Les années de mon enfance ont vu naître dans la tête du jeune garçon Thomas, le besoin de comprendre un certain nombre de choses contradictoires. Le conflit provenait de l’écart qu’il y a entre l’éducation judéo-chrétienne qui est fondatrice de mon identité et tout le passé, l’art africain et son puissant pouvoir émotionnel. C’est sur le terrain de l’émotion que cheminent mon apprentissage et mon initiation, la possibilité de focaliser et de diriger les énergies subtiles, qui vont me permettre de révéler l’intérieur des choses à partir de l’observation de l’extérieur : atteindre le « Noumène »: la réalité intelligible, l’essence magique d’un phénomène.

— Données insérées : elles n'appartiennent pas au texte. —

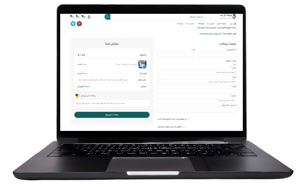 بعد از انتقال به صفحه تسویه حساب لطفا تمامی فیلد های مورد نظر را با اطلاعات دقیق و صحیح پر کنید و بعد از انتخاب روش حمل و نقل مدنظر و زدن تیک قوانین و مقررات و باقی تاییدیه های مورد نیاز بر روی دکمه پرداخت با زرین پال کلیک کنید و پرداخت خود را انجام تا سفارش شما بلافاصله از انبار برای ارسال آماده سازی شود.

Du désir de partager les sensations que j’ai vécues pendant ces belles années, est né l’esprit de la création qui a pris possession de mes gestes pour transmettre cette mémoire des évènements situés.
Les atmosphères idylliques entre l’homme et la matière : les odeurs de la terre quand il se met à pleuvoir, tous ses vêtements d’initiés au millier d’éclats, blanc, bleu indigo, jaune, orangé, rouge et vert, le rythme des tambours battant jusqu’au bout de la nuit, les séquences de transe à vous faire perdre le souffle, toute ces émotions sont rendues sensibles dans l’expression artistique que j’ai pris le temps de construire comme un langage d’initié.
« C’est avec un travail solitaire que j’ai construit ma propre expression plastique. » je me nomme Thomas Koundé, je suis né au Bénin en 1957, « à cette époque le Bénin s’appelait le Dahomey, certains racontent que le pays où je suis né, était le quartier latin de l’Afrique, ». En effet il y avait beaucoup d’intellectuels qui provenaient de ce creuset, point de rencontre d'influences, de cultures diverses Vodous.
A Ouidah, la ville chargée par l’histoire de la traite des esclaves, où je suis né, j’ai baigné dans l’univers hermétique du Vaudou et il y a toujours une tension entre mon éducation chrétienne et le sentiment qui m’anime, ma fascination pour l’art africain. Ce climat participe à mon émerveillement. Cette contradiction est le moteur qui anime cette démarche compréhensive. A partir des années quatre vingt 1980, commence mon désir d’élaborer un langage qui traduise le sens du vécu, du rythme, c’est l’inauguration d’une expression propre. Une impression pouvant illustrer à la fois les différentes harmoniques de plages colorées en mouvement pendant les cérémonies vaudous. Permettez-moi d’utiliser le terme harmonique qui est plus approprié à la musique pour traduire cette musique des couleurs en mouvement, le rythme qui anime ces plages colorées, contribuant à l’émergence d’un langage, d’une voix intérieure.
…C’est en regardant, en écoutant les gestes, les traces, les empreintes laissées par « le faire » du créateur pour approcher le vide, la matrice, que j’ai entrevu une voie.
Le vide du langage nous introduit en direct dans le champ du geste, c’est ainsi que l’esprit de la création dirige le geste de l’homme.» L’acte de peindre prend une dimension dominante et ne fait plus qu’un avec la représentation : comme si le but à atteindre avait été de projeter les ondulations de l’énergie en tâches et en traces de couleur sur une toile blanche, un état émotif particulier du corps par ce mouvement et ces couleurs-là.
L’acte de peindre est recherché dans son geste primordial, juste le désir de puiser au plus profond des sources de la pulsion originelle, entraîné par le rythme de cette pulsion même, une fois en mouvement.
L’artiste est alors le conducteur d’un mouvement que son corps arrive à transmettre, en donnant une impression d’ordre interne, de nécessité dans un chaos apparent. Dès lors l’artiste est prêt à assumer l’état de grâce dans l’élaboration de l’œuvre.
Thomas appelé à être initié est devenu à son tour créateur d’images symboliques. Il a osé braver les conventions pour voir et pour comprendre. En essayant de traduire le Beau, le Bien et le Vrai au niveau choisi, Il est conscient d’être dans son corps, le point de jonction de la Matière et de l’Esprit, reflétant l’Ordre Souverain dans le monde sensible.
La possibilité qui lui est offerte de transformer les forces instinctives en forces créatives, lui permet de toucher la nature par la pointe de l’esprit.
Désormais, il ose s’abandonner à la conscience profonde, de ce qui est essentielle. Connaître pour œuvrer dans l’amour né de la compréhension de l’interdépendance de toute chose.
Se taire lorsque les paroles sont inutiles.